Mental Illness upon reaching the Maximal skeletal growth of the skull [the cranio-skeleton] .

Humans increase in size and complexity from conception to physical maturity, which occurs about 16 to 18 years of age. It is often after this period that problems with mental illness begin, in particular in attacks of bipolar illness.

If we look specifically at the growth of the head over this time, you will see different growth patterns of the cranial vault, the facial skeleton and the cranial base. Everything must come together just right as these different bones finally settle to their permanent [more or less] positions. If you read about the complexities of growth of the head and neck you will see it is nothing short of miraculous. Especially as certain parts of the skull achieve their maximal growth around age 10 to 12 [following the neural growth pattern] where as other parts of the head follow the somatic growth pattern. [achieving their permanent positions around the age of 20. The cranial base follows the neural growth pattern at first and then adopts its own patterns after age 12. And all this mishmash growth must FIT and WORK together once a person reaches their 20’s and thirties. By this stage, the skeleton must establish molecular integration of growth between the cranial base and other cranial regions .

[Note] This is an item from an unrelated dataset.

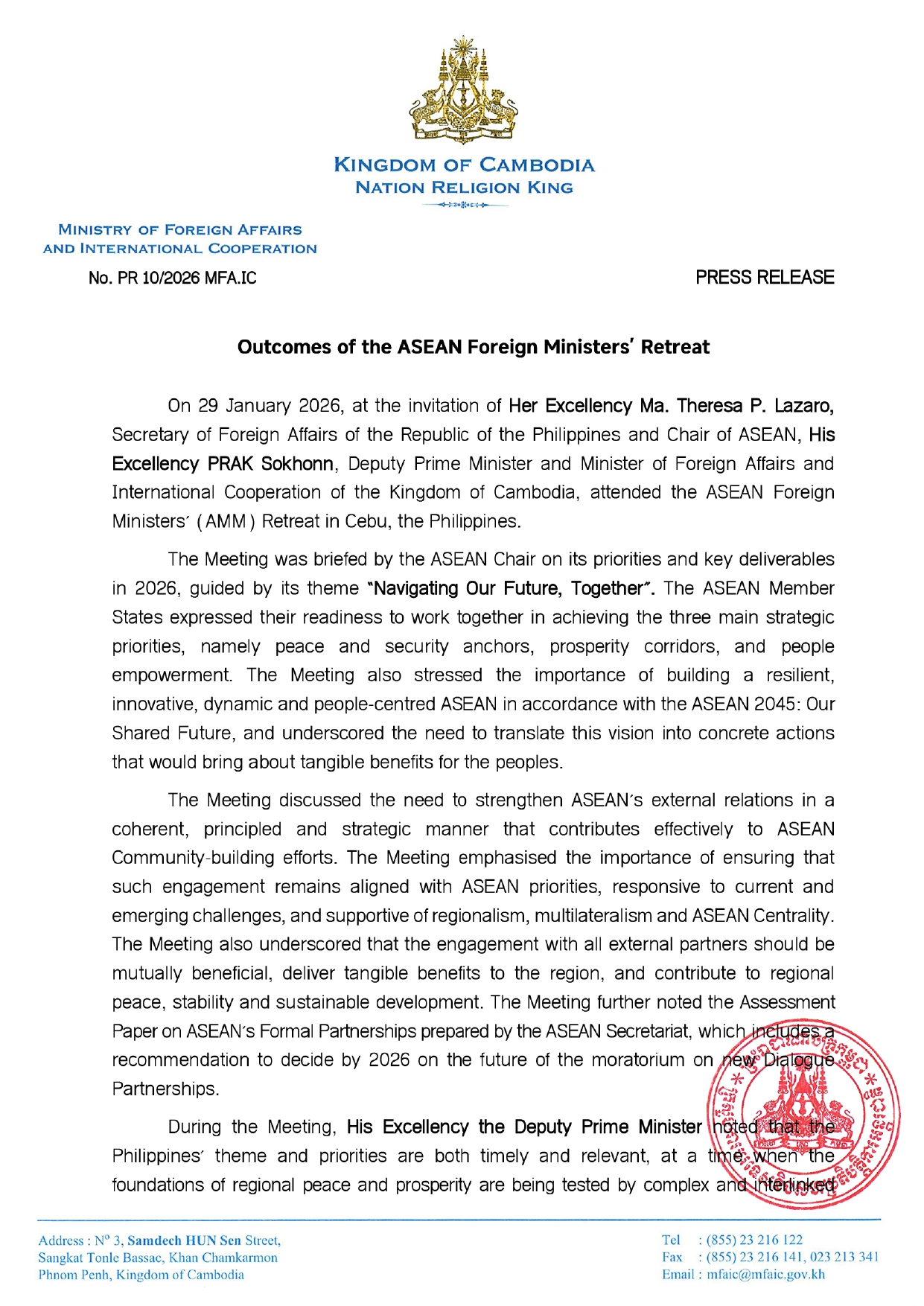 On 29 January 2026, the Ministry of Foreign Affairs and International Cooperation issued a press release regarding the outcomes of the extended informal consultation on the implementation of the five-point consensus.His Excellency PRAK Sokhonn, Deputy Prime Minister and Minister of Foreign Affairs and International Cooperation ...

It is not accidental that the period between age 20 and 30 is a peak time for bipolar attacks to occur. Something has gone wrong. Something is perturbing brain function, just when skeletal growth of the head and the rest of the body is at its most complex and has no more wiggle room because at this stage of young adulthood, most of the bones are done growing .

The cranial base is a central and integral component of the cranioskeleton, yet we are just beginning to learn about its growth.  Front Cell Dev Biol 2020 Aug 11;8:706. doi: 10.3389/fcell.2020.00706.eCollection 2020. New Insights Into Cranial Synchondrosis Development: A Mini Review Noriko Funato

The cranial base is a complex area that varies in depth and has numerous openings for the passage of cranial nerves, the blood vessels and the spinal cord.The cranial base cradles part of the frontal lobe, the temporal lobe, and the cerebellum.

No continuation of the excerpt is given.